Du point de vue client, la connexion se fait en 2 clics, et le serveur apparaît immédiatement dans le Finder.

Bien mieux que MobileMe, qui ne propose qu'un faible espace payant, et certes plus compliquée qu'avec Mac OS X Server, la solution que je vous propose a le mérite d'être gratuite de A à Z et de partager tous les disques durs (internes et externes) de votre serveur !

Ça vous semble cool ? Alors on attaque.

2 Installation du serveur

Pour commencer, quelques précisions utiles :

Pour mener à bien cette installation, vous devez posséder des accès d'administration sur le Mac serveur. Il doit tourner sous Mac OS X 10.4 (Tiger) ou supérieur (personnellement, je suis sous Snow Leopard). Il doit être connecté à un routeur internet fournissant une IP externe fixe.

Ce tutoriel est un peu long, et il va toucher un peu profond dans votre ordinateur, je décline donc toute responsabilité si ça foire chez vous, et comme on dit toujours : sauvegardez vos données, ça fait pas de mal.
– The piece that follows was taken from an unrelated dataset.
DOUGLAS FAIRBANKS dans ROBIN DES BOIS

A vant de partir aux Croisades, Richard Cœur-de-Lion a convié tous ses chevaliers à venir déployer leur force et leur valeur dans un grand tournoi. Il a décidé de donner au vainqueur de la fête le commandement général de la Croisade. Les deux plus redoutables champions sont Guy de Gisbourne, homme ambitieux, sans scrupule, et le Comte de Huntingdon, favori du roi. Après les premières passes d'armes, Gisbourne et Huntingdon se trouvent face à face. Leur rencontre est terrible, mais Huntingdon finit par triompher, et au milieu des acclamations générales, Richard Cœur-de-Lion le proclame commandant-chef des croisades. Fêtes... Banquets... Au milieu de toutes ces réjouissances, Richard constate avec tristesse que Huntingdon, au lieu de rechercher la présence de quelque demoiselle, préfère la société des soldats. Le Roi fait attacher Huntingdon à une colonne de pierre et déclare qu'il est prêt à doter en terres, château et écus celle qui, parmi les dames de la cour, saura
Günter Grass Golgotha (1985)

2.1 Préparation de l'installation

Pour commencer, vous devez installer un protocole VPN sur votre futur serveur. Nous allons utiliser OpenVPN, un projet open source et gratuit multi-platefomes (à propos (en anglais)). Téléchargez-le sur le site du projet (choisissez la dernière version, sous la forme ".tar.gz"). Décompressez tout ça, vous obtenez un dossier nommé "openvpn-2.1" ou quelque chose du genre.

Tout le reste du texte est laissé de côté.